Face in the Crowd: Chris Howard (NK)

This article can’t afford to waste words-recounting the experiences and qualifications of 32 year-old Dr. Chistopher B. Howard in a Harbus capsulet is a task akin to summarizing War and Peace in a sentence. His resume stretches to three closely type-written pages with a dense thicket of superlatives and commendations clamoring for attention.

Chris entered the US Air Force Academy to study Political Science in 1987, was Class President in all three years and a running back for their Football team, which beat Ohio State to win the Liberty Bowl. In addition to collecting too many awards to count, including the Playboy magazine Anson Mount Scholar-Athlete of the Year, he collected a Rhodes Scholarship, and set off to England in 1991.

At Oxford Chris studied Politics, and having some time on his hands before returning to the US for flight school, he extended his stay to three years, enabling him to pick up his doctorate in politics, concentrating on US foreign policy and the use of force in policy making. He was elected president of the graduate and post-graduate students at St. Anne’s college and was Vice President of the Strategic Studies forum.
He met his wife, Barbara, while on a fact- (and wife-) finding trip to South Africa, and they now have two sons-Cohen (8) and Joshua (4).
During his Summer holidays he has interned at the State Department, House Armed Services Committee, RAND, NATO, the Office of the Secretary of Defense as well as the more hands-on stuff-jump school with the UK’s tough-as-nails Para regiment.

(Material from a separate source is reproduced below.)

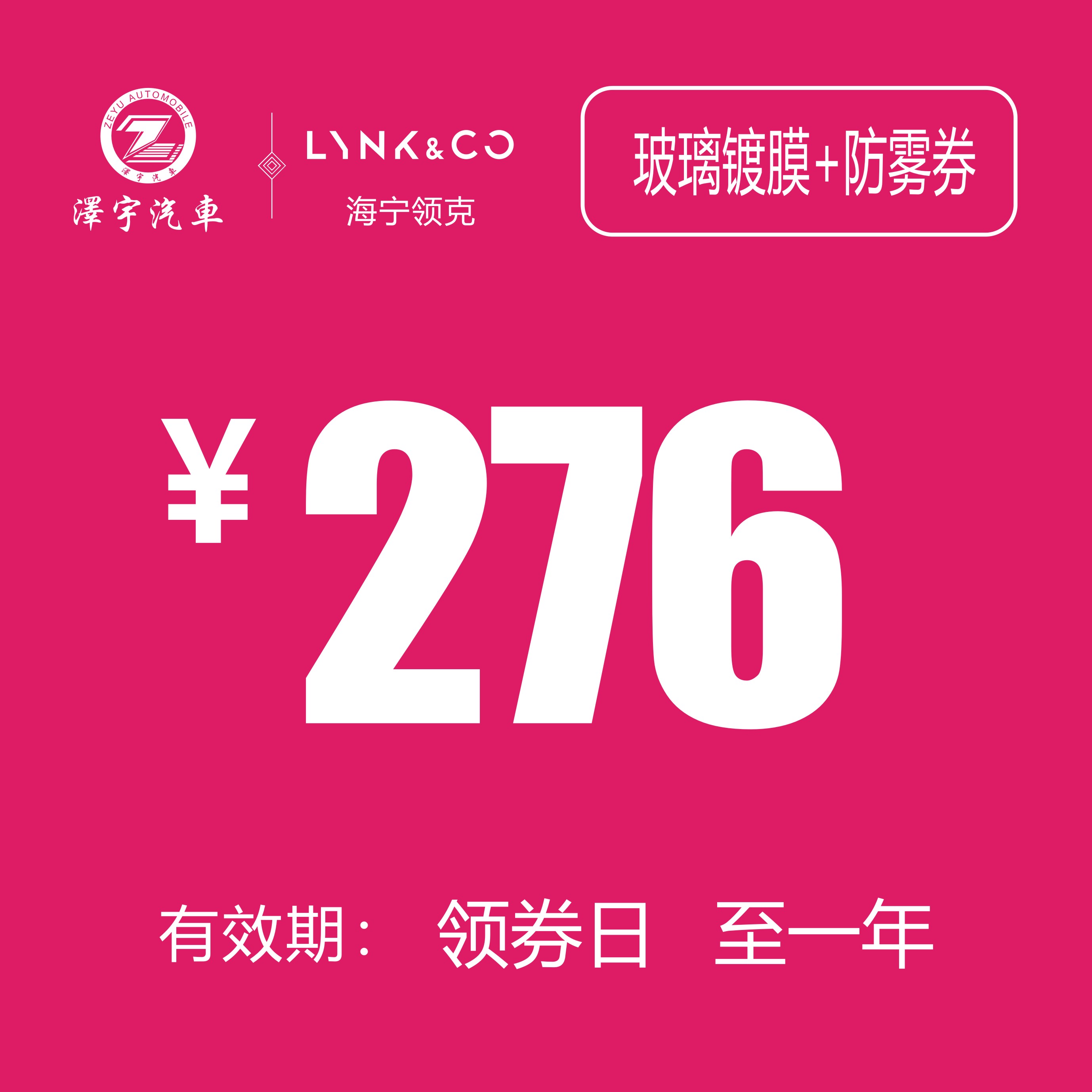 海宁利泽领克 玻璃镀膜+防雾券

Returning to the US in 1994, he trained to become a helicopter pilot, and was then transferred to military intelligence and special operations command, serving active duty in Bosnia (details vague…) and as a military advisor to then Secretary of Defense William Cohen during a tour of South Africa. (The Secretary loved the fact that Chris named his eldest son after him.)

In 1999 he left the Air Force at the rank of Captain, (though he is still in the reserves) and joined the fast-track of Bristol-Myers Squibb, where he was the International Project Manager for their pathbreaking $100 million AIDS program in Sub-Saharan Africa.

Last year, aware that his HBS essays were coming up and he’d had nothing to write about, he established a non-profit designed to provide access to travel and education scholarships to children from South Africa. He hopes this program-aimed to “impact young lives” iylfoundation.org will one day develop into something like the Rhodes Scholarship that he in turn benefited from. Among other things, Chris is a member of the Council on Foreign Relations, the Veterans of Foreign Wars, and the London based International Institute of Strategic Studies. BGIE, one senses, will be his bailiwick.

He has found HBS to be an “amazing” place-particularly the relevance of the learning model to real life, and the depth of the people around him. Looking forward, he plans to stay with the Bristol-Myers program for now, and will focus his energy on improving the lot of his family, his country, and the African American community.